String.intern () doesn't seem to scale very well, as you add more lines. It seems like O (n) with the number of rows in the pool.
Random rand = new Random(); for(int i=0;i<100;i++) { long start = System.nanoTime(); for(int j=0;j<100000;j++) Long.toString(rand.nextLong()).toString().intern(); long time = System.nanoTime() - start; System.out.printf("Took %,d ns on average to intern() a random string%n", time/100000); }
prints
Took 1,586 ns on average to intern() a random string Took 3,843 ns on average to intern() a random string Took 7,551 ns on average to intern() a random string Took 13,436 ns on average to intern() a random string Took 20,226 ns on average to intern() a random string Took 27,609 ns on average to intern() a random string Took 35,098 ns on average to intern() a random string Took 42,439 ns on average to intern() a random string Took 50,801 ns on average to intern() a random string Took 20,975 ns on average to intern() a random string Took 4,634 ns on average to intern() a random string Took 10,512 ns on average to intern() a random string Took 16,914 ns on average to intern() a random string Took 23,601 ns on average to intern() a random string Took 30,230 ns on average to intern() a random string Took 36,184 ns on average to intern() a random string Took 43,266 ns on average to intern() a random string
Instead, I use an array as a string pool.

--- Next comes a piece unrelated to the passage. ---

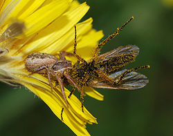 The primitive Liphistiidae, the "trapdoor spiders" (family Ctenizidae) and many tarantulas are ambush predators that lurk in burrows, often closed by trapdoors and often surrounded by networks of silk threads that alert these spiders to the presence of prey.[9] Other ambush predators do without such aids, including many crab spiders,[7] and a few species that prey on bees, which see ultraviolet, can adjust their ultraviolet reflectance to match the flowers in which they are lurking.[25] Wolf spiders, jumping spiders, fishing spiders and some crab spiders capture prey by chasing it, and rely mainly on vision to locate prey.[7]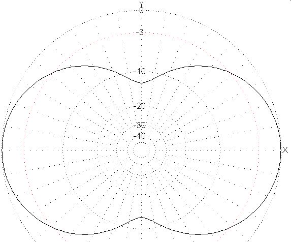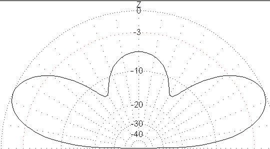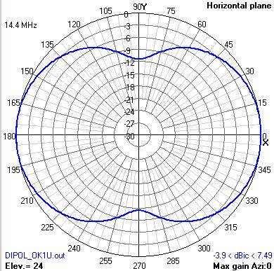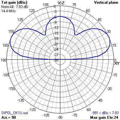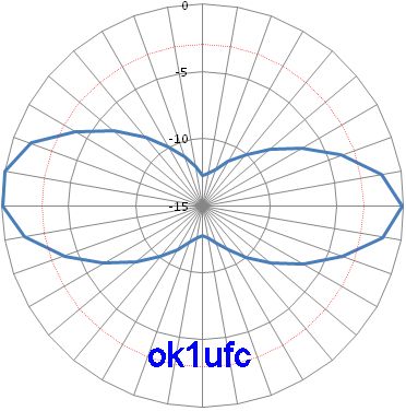 Všimněte si, že změřený obrazec má minimum, stejně, jako modely prosedlané asi o 12 až 13 dB, takže shoda. Všimněte si také, že skutečný model není symetrický. A tam se mi na tom podepsaly dvě příčiny. Jedna z nich je, že rotátor, který jsem měl, je již dost "ojetý" a má značné vůle. Bohužel, musel jsem měřit, když foukal vítr. Ta druhá je opravdu kovový sajrajt v elektromagnetické zóně antény. Vidíte, že po mnoha a mnoha zkušenostech si neodpustím upozornit, že u antén jsem se mimo mizerné účinnosti častěji setkával s hříchy v její směrovosti! Vyzařování ve vertkální rovině: Tady v této rovině neumím měřit, takže pouze výstupy z modelů NEC-2 a MININEC:

private static void testHashArray(String[] strings2, int size) { String[] pool = new String[size]; int hit=0, miss=0; long start2 = System.nanoTime(); for (String s : strings2) { int hash = (s.hashCode() & 0x7fffffff) % pool.length; String s2 = pool[hash]; if (s.equals(s2)) { hit++; } else { miss++; } if (s2 != s) pool[hash] = s; } long time2 = System.nanoTime() - start2; System.out.printf("Hash size: %,d took %.3f second. Hit/miss %,d/%,d %n", size, time2 / 1e9, hit, miss); } public static void main(String... args) { Random rand = new Random(); // a million unique strings. String[] strings = new String[1000 * 1000]; for (int i = 0; i < strings.length; i++) strings[i] = String.valueOf(rand.nextLong()); // random selection of Strings String[] strings2 = new String[10 * 1000 * 1000]; int totalSize = 0; for (int i = 0; i < strings2.length; i++) { int idx = (int) Math.pow(strings.length, rand.nextFloat()); String s = strings[idx]; strings2[i] = s; totalSize += s.length() + 16; // with overhead } System.out.printf("Original size %,d%n", totalSize); Set<String> uniqueStrings = Collections.newSetFromMap(new IdentityHashMap<String, Boolean>()); uniqueStrings.addAll(Arrays.asList(strings2)); System.out.printf("Unique strings %,d%n", uniqueStrings.size()); long start = System.nanoTime(); HashMap<String,String> map = new HashMap(); for(String s: strings2) map.put(s,s); long time = System.nanoTime() - start; System.out.printf("Took %.3f second to map strings%n", time/1e9); testHashArray(strings2, 10192); testHashArray(strings2, 101929); testHashArray(strings2, 1019291); }
prints
Original size 353,293,201 Unique strings 766,222 Took 0.979 second to map strings Hash size: 10,192 took 0.357 second. Hit/miss 5,213,210/4,786,790 Hash size: 101,929 took 0.309 second. Hit/miss 7,202,094/2,797,906 Hash size: 1,019,291 took 0.254 second. Hit/miss 8,789,382/1,210,618
If the intern is slow, how about completing it after loading it in the background thread. After loading the server, you can put () lines when a duplicate is detected.
Do you really need to save 130 MB? I know this sounds great, but will memory be used for anything else?
For a faster form on intern () you can use a fixed-size array.